Intuitively, binary selectors are obvious—you string together a few funky characters and you have yourself a binary selector. And binary selectors can useful for making some things easier to read. At least that’s the theory, and reading the ANSI standard one might assume everything is exactly that clear. The practice in Smalltalk-80 descendants is different.

To begin with, Smalltalk-80 only allowed two characters in a binary selector, ruling out beauties such as <=>, <+> or >>=. Fortunately, the ANSI standard has dropped this limit, and Squeak also allows selectors of more than two characters. VisualWorks, however, still sticks to the old ways.

Then there is the wrench negative number literals throw in the works. Intuitively, 3 –– 4 is supposed to send the #– message to 3—and probably cause an MNU. Indeed, that is what would happen in an ANSI-compliant Smalltalk. Instead, Squeak will happily parse and evaluate the above to 7, while VisualWorks will throw a compiler error saying that an argument is expected following the first minus.

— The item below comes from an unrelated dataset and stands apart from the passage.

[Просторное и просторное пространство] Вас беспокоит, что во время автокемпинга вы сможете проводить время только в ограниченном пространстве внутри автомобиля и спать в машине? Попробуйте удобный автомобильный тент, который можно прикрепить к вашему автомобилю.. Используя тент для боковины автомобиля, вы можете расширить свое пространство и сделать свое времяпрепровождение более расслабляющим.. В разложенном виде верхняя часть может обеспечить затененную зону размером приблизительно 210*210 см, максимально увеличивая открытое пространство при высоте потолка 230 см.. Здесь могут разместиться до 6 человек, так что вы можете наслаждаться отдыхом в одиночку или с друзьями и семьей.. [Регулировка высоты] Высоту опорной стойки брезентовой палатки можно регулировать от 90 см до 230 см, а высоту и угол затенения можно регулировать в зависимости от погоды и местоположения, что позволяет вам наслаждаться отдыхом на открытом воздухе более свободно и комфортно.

Here is why that is. A negative number literal in Smalltalk-80 is simply a minus token followed by a number token. Squeak still sticks to that interpretation, and so it sees no difference between "-4" and "-  4". Both are valid forms of writing a negative four. ANSI and VisualWorks have since moved to a less quirky behavior treating the minus as part of the literal number token. Interestingly, the cute syntax diagrams at the end of the Blue Book suggest Smalltalk-80 does the same, but evaluating "-  4" shows that it doesn’t.

But wait, before the second minus in "3 –– 4" got attached by Squeak to the number that follows, why did it get detached from the first one to begin with?

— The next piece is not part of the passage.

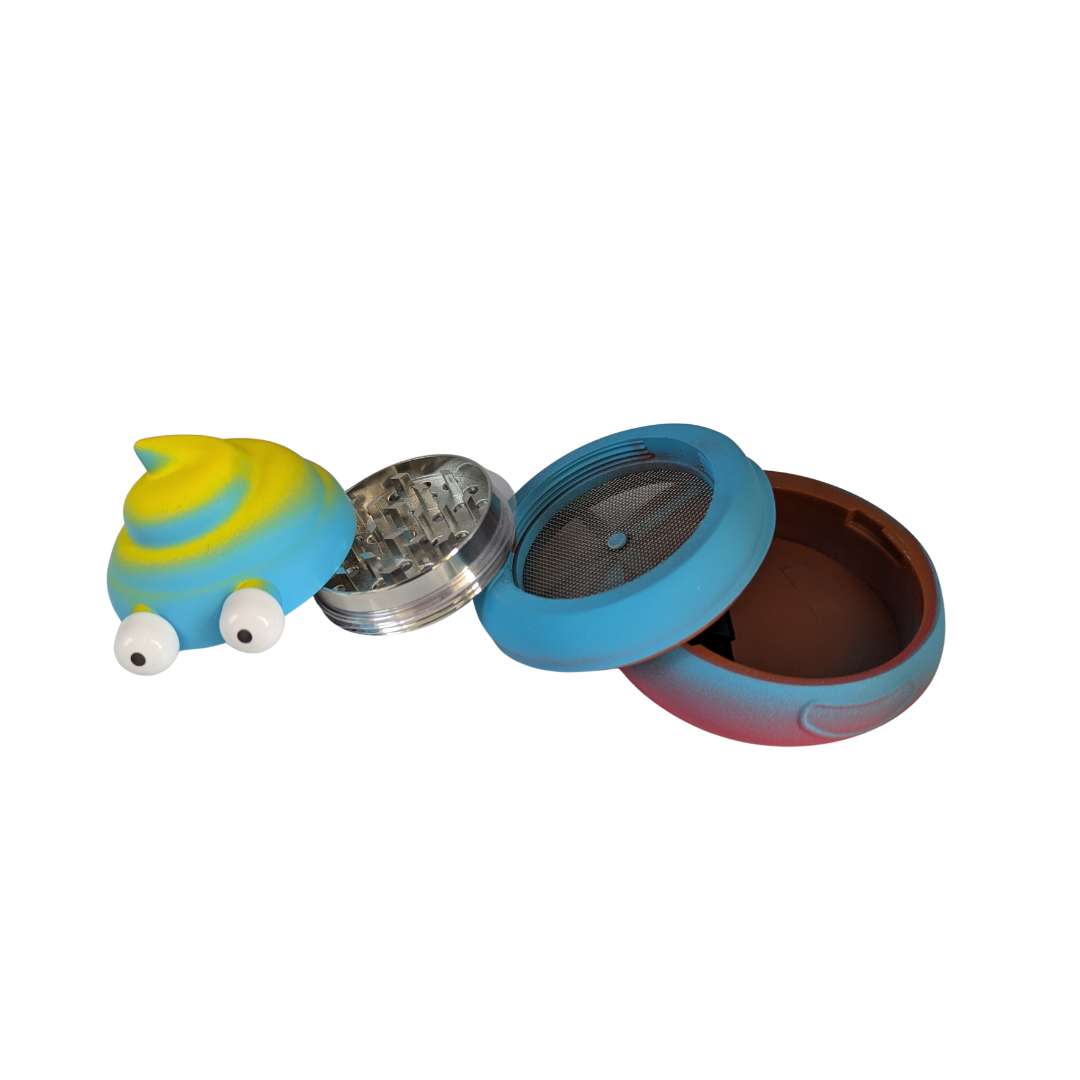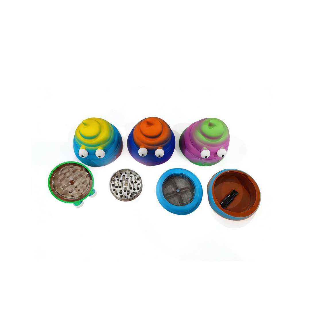 El grinder popó camuflado 45 mm es un accesorio ideal para quienes buscan una combinación entre diseño original, tamaño práctico y buen rendimiento al momento de triturar. Su estructura de 4 partes permite una experiencia más completa, facilitando la molienda y separación del material, mientras su estilo llamativo tipo popó camuflado lo convierte en un producto muy atractivo para vitrinas, tiendas y ventas por impulso.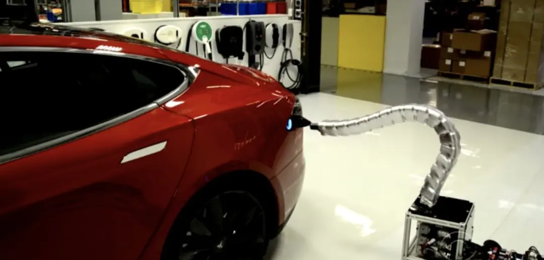 之前特斯拉的設(shè)想方案是“蛇臂充電”,像蛇形一樣的充電器可以感應(yīng)到汽車充電口,然后自動插入充電。

And here lurks another feature. This time it is in fact documented by the cute syntax diagrams. A binary selector is made of special characters, but a minus is a special case of a special character. It’s only allowed once, and only as the first character of a binary selector. So, -, -> or -+ are legal, +-, <- or -- are not. Clearly, the point of this feature was to have “3+-4” or “3––4” parse “sensibly” as arithmetic expressions rather than exotic message sends.

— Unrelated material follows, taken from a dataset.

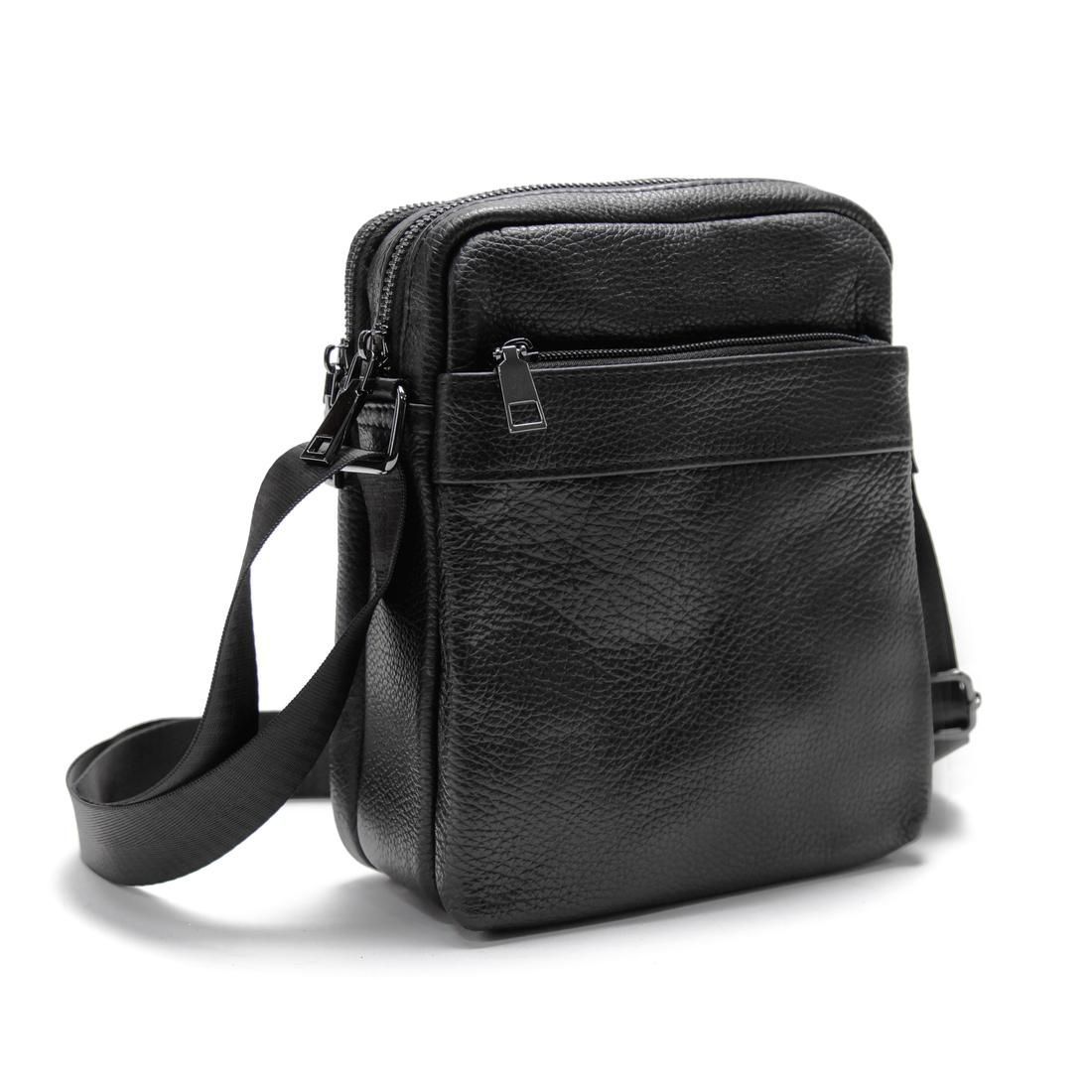 Сумка через плече Tiding Bag M56-2001A із натуральної шкіри у чорному кольорі, зернистої фактури. Розмір: 19 x 5 x 23см. Модель одна з найзручніших і практичніших, оскільки має багато відділень і дозволяє комфортно розмістити всі речі. У сумці два основних відділи на блискавках, з невеликою потайною кишенькою всередині. З лицьових зовнішньої та тильної сторін є додаткові кишені на змійках. Месенджер має довгий текстильний ремінець, з регулятором довжини. Підкладка: текстиль. Колір чорний. Колір фурнітури: темне срібло.

This also explains why VisualWorks treats “3 –– 4” as an error. It switched from the classical treatment of a minus before a literal to a more modern (or at least compliant with the Blue Book syntax diagrams) treatment, so it doesn’t see the second minus as belonging to the 4 that follows—but it still refuses to accept “––” as a valid binary selector, hence the error. Strange, that.

And that’s not the end of it. The problem with a minus is that the grammar uses it for two purposes—as part of a number literal and also as part of a selector. Another character just like that is a vertical bar. “foo || bar” doesn’t work in Squeak and VisualWorks. And it never did, going as far back as Smalltalk-80 again.

3 || 4

This time the scanner doesn’t even try to be nice. A vertical bar always parses as a separate token, so anything like || or |> is treated by the scanner as a sequence of two tokens and then rejected by the parser as invalid syntax. So in fact the only legal binary selector with a vertical bar is the vertical bar itself. (This again is contrary to what the Blue Book claims Smalltalk-80 recognizes as a binary selector).

All that was perhaps way too much nit-picking as far as any practical programming is concerned, but I find two things interesting about this situation.

One is that the Blue Book misrepresents the grammar of the actual implementation, and not once but twice. The version in the book is probably more of what the authors wanted the grammar to be, rather than an accurate documentation of the ad-hoc implementation in the image. Maybe this was why one of these quirks later got fixed in the ParcPlace branch of the family.

The second interesting point is why is this such a minor issue? How many people in the past 25 years have actually wanted to write “foo || bar” or “foo <- bar” and discovered they didn’t work? Do Smalltalkers use binary messages creatively—that is, outside (semi-)traditional math, concatenation and point creation? And if, as it seems, they do not—why?